Records contained in a dataset
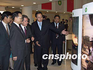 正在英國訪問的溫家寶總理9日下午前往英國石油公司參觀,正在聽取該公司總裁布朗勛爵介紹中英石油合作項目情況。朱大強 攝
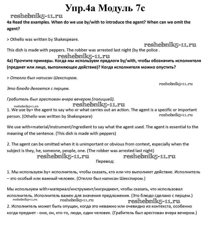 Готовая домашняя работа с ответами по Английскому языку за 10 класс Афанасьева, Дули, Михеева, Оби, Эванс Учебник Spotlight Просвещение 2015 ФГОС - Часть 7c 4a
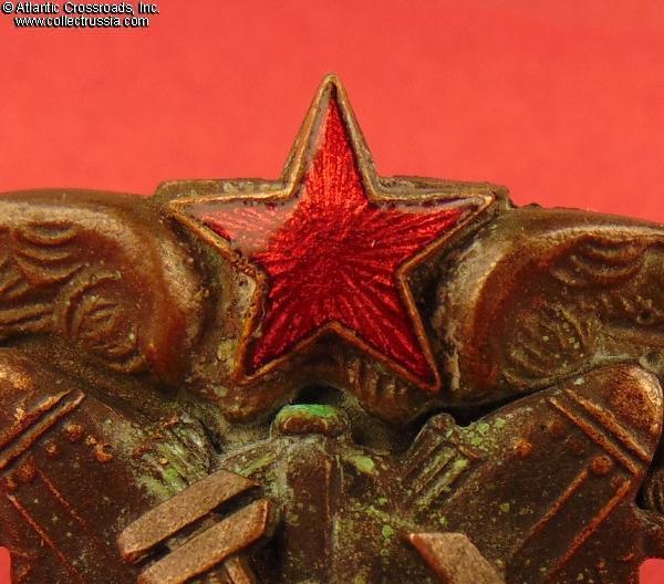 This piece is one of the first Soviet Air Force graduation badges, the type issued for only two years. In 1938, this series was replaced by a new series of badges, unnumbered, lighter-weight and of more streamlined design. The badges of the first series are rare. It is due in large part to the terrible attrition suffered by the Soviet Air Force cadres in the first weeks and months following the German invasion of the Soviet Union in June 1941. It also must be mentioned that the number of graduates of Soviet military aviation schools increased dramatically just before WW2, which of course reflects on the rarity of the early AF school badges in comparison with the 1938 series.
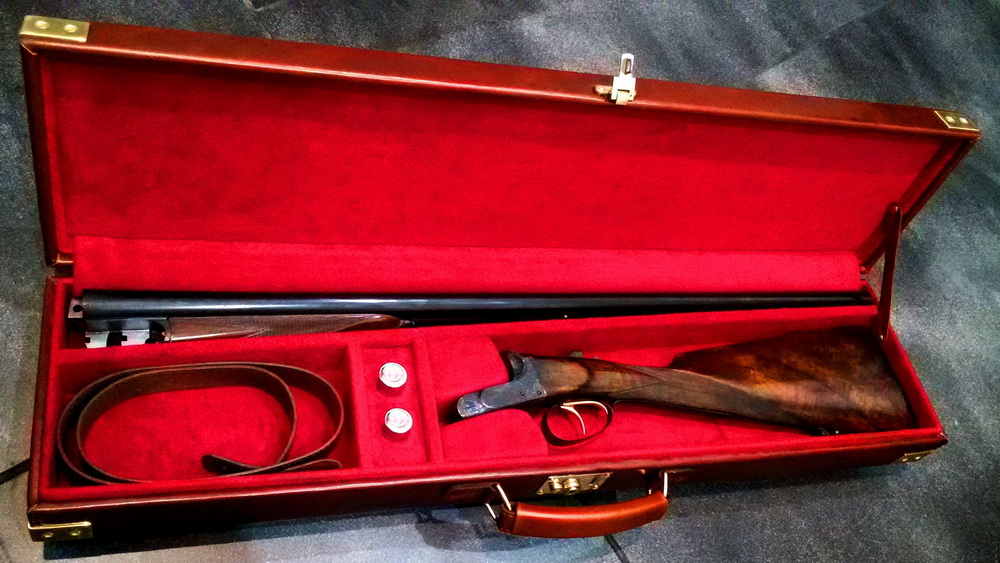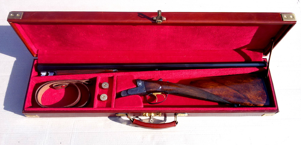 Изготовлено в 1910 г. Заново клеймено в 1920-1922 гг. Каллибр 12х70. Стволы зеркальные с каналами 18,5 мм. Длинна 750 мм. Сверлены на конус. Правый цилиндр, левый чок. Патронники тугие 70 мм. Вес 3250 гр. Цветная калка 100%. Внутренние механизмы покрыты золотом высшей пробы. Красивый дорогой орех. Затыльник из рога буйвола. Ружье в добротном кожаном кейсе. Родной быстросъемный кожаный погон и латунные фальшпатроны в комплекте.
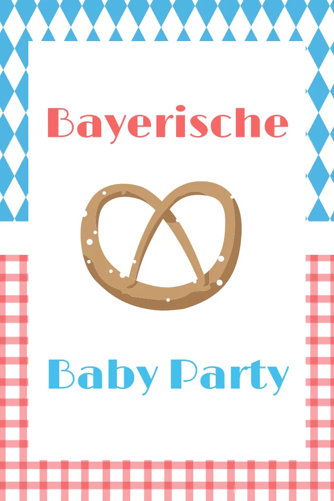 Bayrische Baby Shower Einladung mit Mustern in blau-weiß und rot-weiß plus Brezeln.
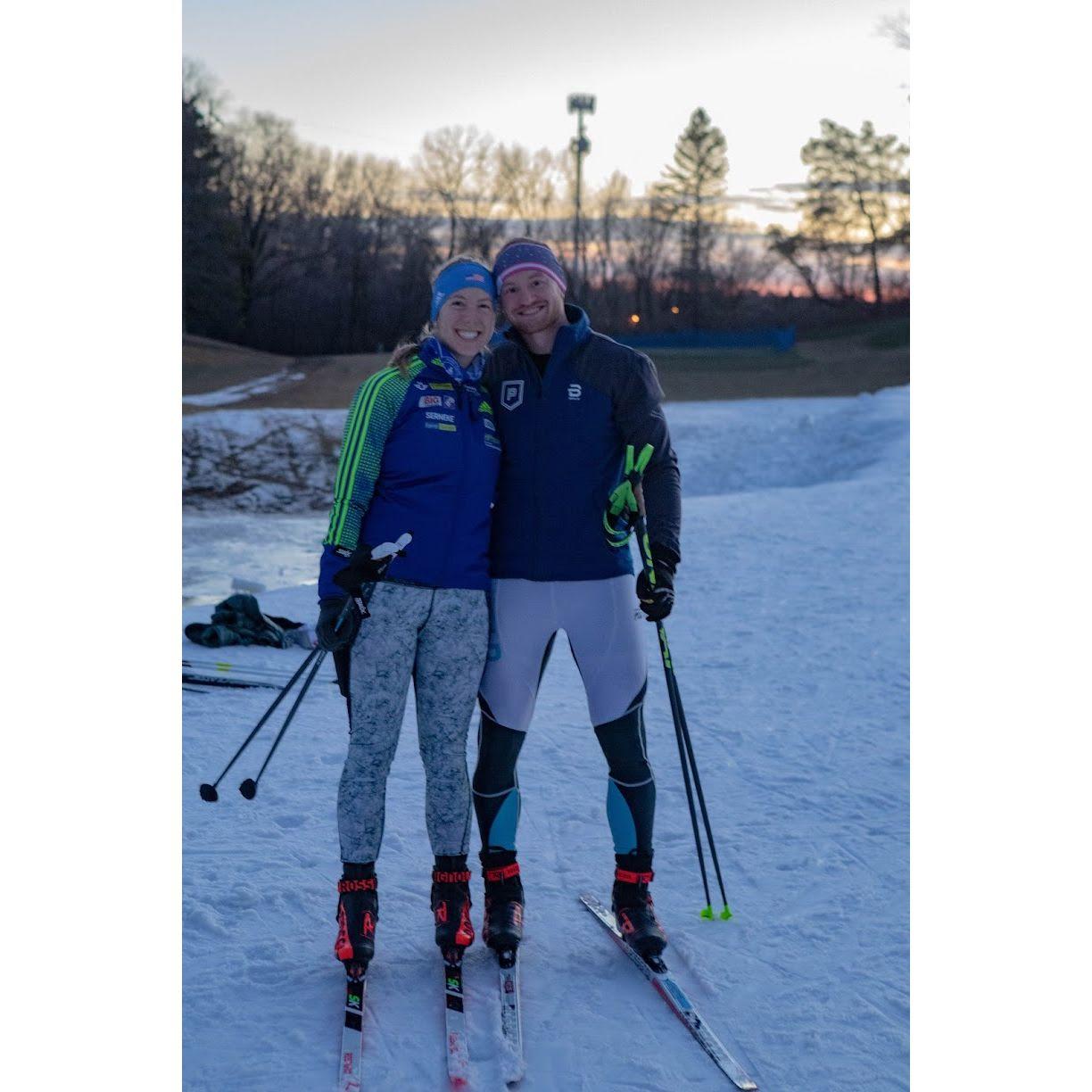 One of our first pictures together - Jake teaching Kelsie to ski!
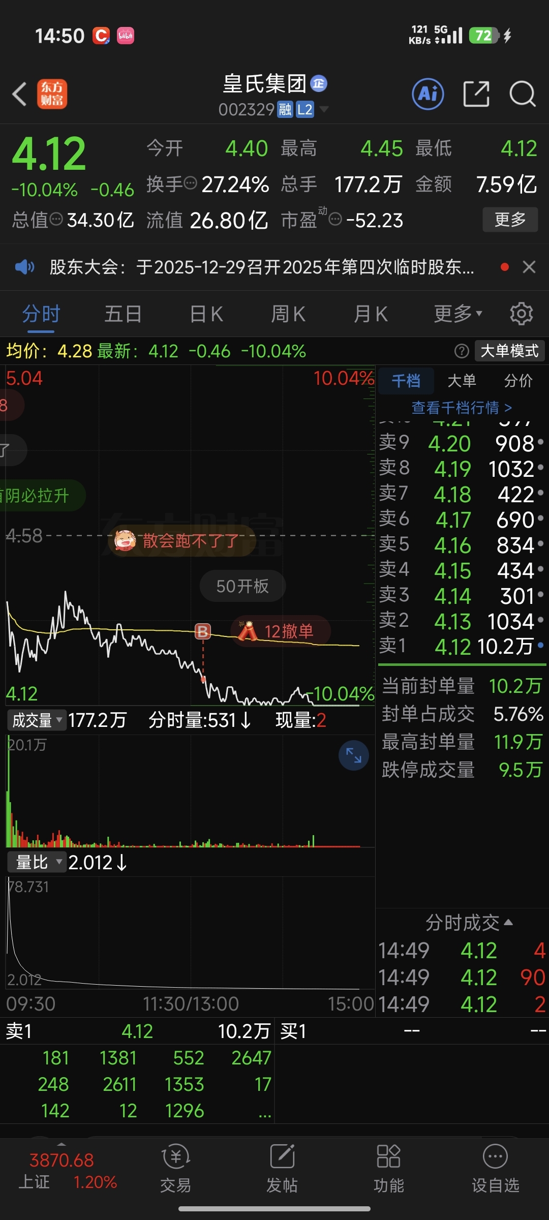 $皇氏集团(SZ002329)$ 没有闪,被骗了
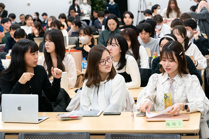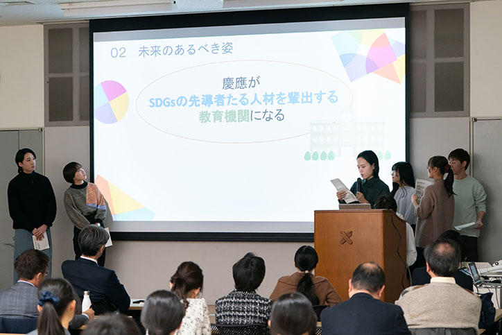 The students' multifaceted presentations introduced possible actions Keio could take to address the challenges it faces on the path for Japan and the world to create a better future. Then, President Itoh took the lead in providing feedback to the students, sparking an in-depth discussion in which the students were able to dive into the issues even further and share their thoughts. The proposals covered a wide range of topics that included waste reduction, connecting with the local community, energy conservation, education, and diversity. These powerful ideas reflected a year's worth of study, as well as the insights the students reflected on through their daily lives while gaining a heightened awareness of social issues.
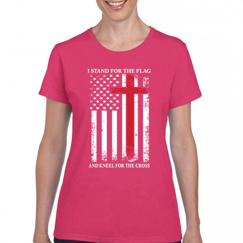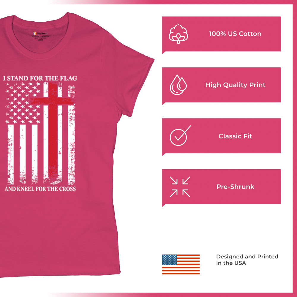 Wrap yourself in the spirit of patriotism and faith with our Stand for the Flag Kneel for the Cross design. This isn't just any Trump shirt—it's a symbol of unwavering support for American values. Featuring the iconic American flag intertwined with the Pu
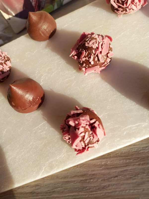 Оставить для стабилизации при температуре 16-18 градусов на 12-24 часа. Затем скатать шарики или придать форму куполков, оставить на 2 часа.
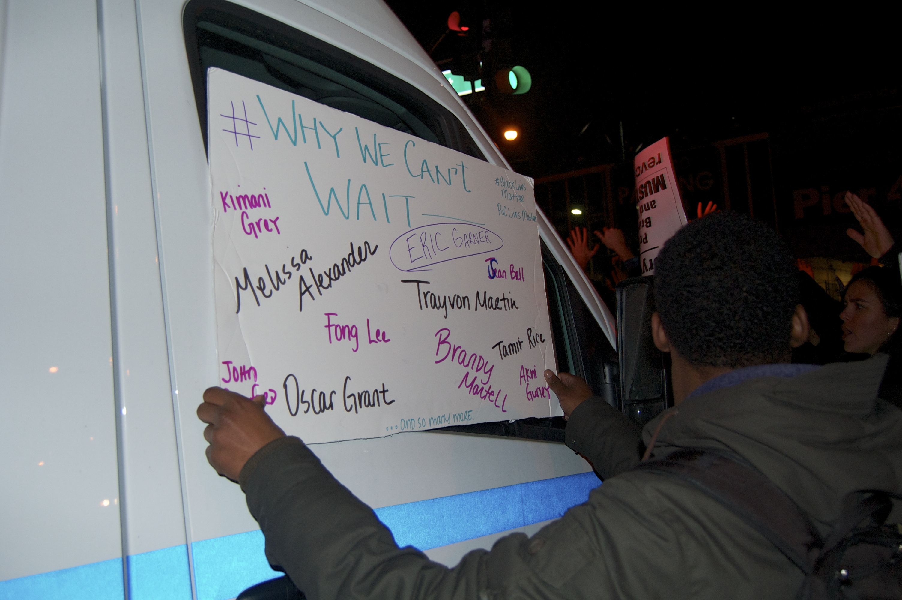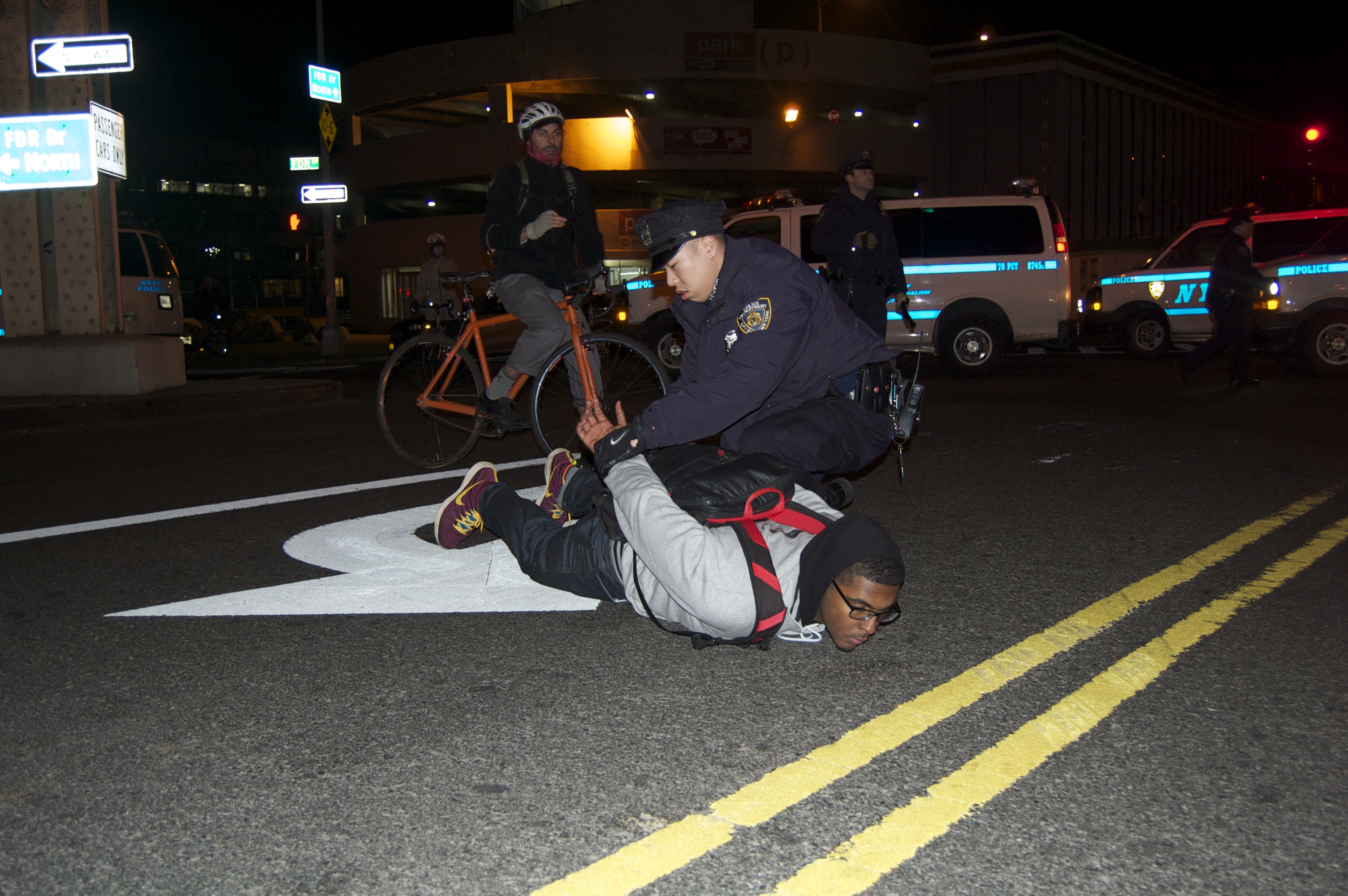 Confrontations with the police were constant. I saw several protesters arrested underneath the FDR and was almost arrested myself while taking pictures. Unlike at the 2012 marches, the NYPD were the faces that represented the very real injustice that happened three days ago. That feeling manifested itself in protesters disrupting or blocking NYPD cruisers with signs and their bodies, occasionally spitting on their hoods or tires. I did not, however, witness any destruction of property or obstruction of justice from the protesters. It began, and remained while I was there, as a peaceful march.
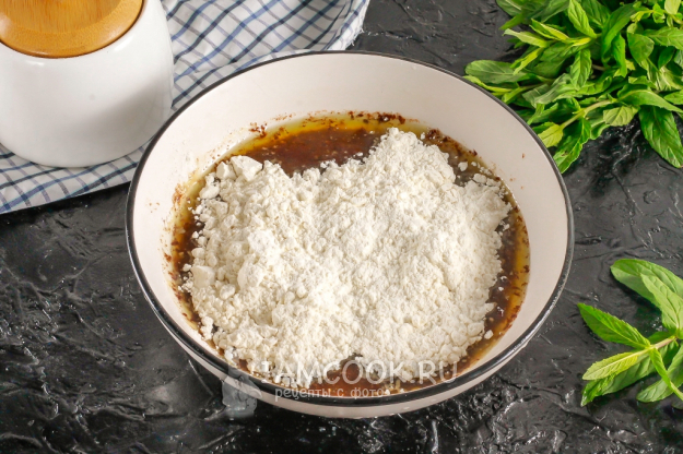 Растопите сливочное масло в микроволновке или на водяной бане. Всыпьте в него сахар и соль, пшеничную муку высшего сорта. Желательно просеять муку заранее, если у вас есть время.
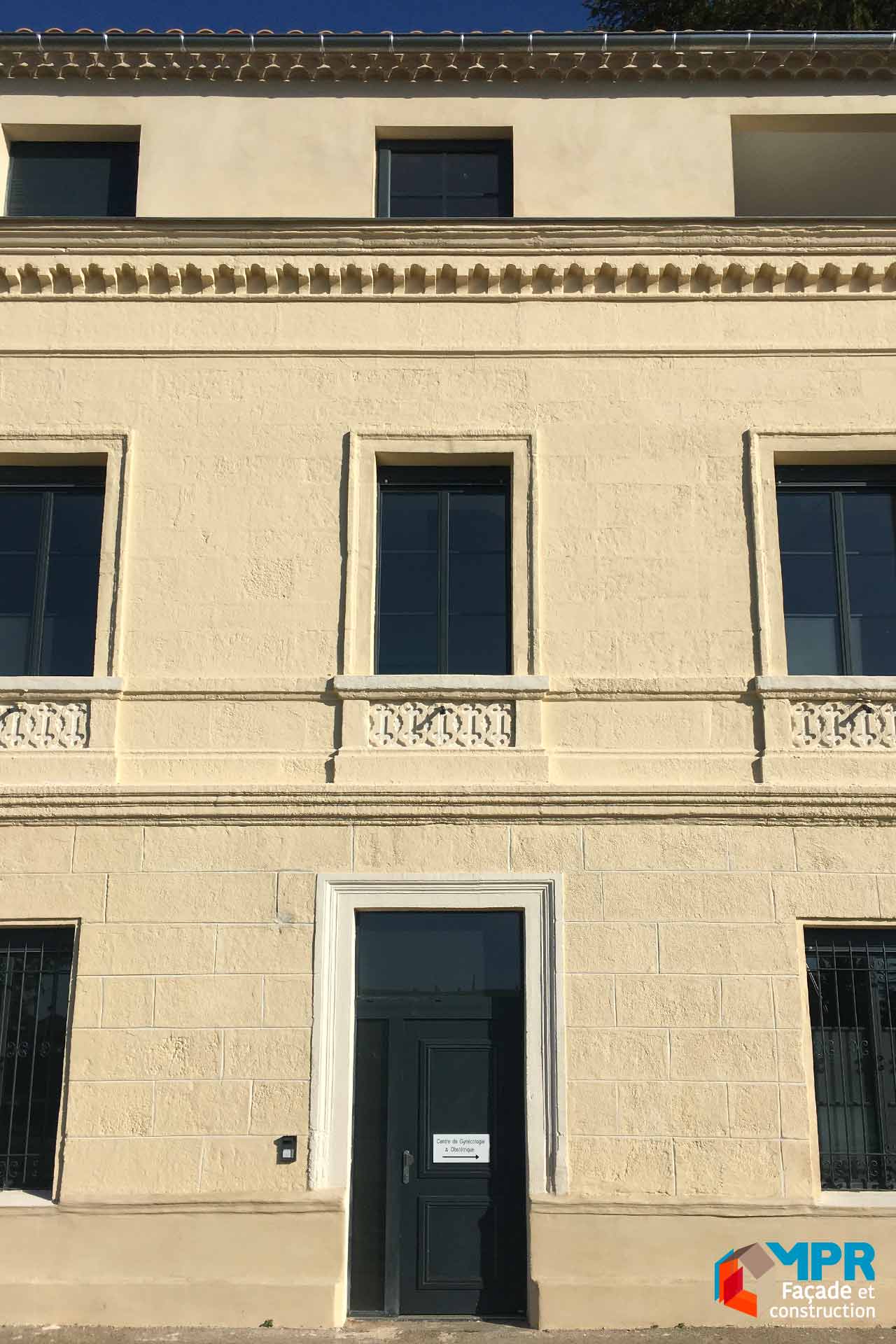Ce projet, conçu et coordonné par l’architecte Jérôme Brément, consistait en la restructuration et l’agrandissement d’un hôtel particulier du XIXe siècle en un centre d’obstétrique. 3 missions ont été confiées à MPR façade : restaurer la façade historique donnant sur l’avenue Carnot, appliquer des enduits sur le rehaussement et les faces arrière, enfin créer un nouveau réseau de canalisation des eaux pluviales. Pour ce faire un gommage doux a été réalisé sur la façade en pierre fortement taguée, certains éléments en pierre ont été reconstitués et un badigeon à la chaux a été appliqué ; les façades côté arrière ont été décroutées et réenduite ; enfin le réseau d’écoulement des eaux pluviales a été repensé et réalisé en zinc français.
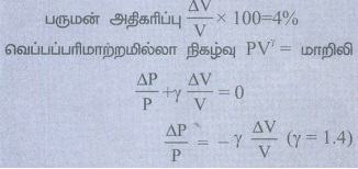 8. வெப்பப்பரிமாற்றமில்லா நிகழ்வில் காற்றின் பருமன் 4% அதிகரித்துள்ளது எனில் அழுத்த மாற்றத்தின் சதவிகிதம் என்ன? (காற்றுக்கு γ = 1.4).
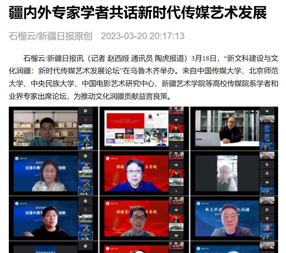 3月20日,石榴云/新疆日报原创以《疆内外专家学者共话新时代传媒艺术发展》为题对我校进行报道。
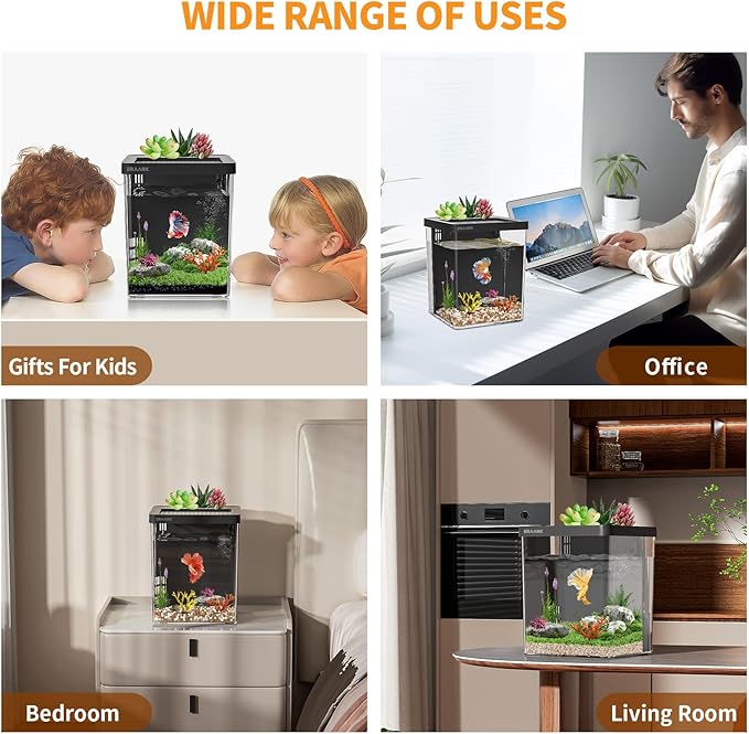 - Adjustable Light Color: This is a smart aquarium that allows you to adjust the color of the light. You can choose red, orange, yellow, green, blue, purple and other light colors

■ **TASK ITEM**:
Retype the lines above exactly as they appear, from the line containing "Wrap yourself in" through the line containing "Растопите сливочное масло", and leave out any pictures.

■ **COMPLETED TASK**:
 Wrap yourself in the spirit of patriotism and faith with our Stand for the Flag Kneel for the Cross design. This isn't just any Trump shirt—it's a symbol of unwavering support for American values. Featuring the iconic American flag intertwined with the Pu
 Оставить для стабилизации при температуре 16-18 градусов на 12-24 часа. Затем скатать шарики или придать форму куполков, оставить на 2 часа.
 Confrontations with the police were constant. I saw several protesters arrested underneath the FDR and was almost arrested myself while taking pictures. Unlike at the 2012 marches, the NYPD were the faces that represented the very real injustice that happened three days ago. That feeling manifested itself in protesters disrupting or blocking NYPD cruisers with signs and their bodies, occasionally spitting on their hoods or tires. I did not, however, witness any destruction of property or obstruction of justice from the protesters. It began, and remained while I was there, as a peaceful march.
 Растопите сливочное масло в микроволновке или на водяной бане. Всыпьте в него сахар и соль, пшеничную муку высшего сорта. Желательно просеять муку заранее, если у вас есть время.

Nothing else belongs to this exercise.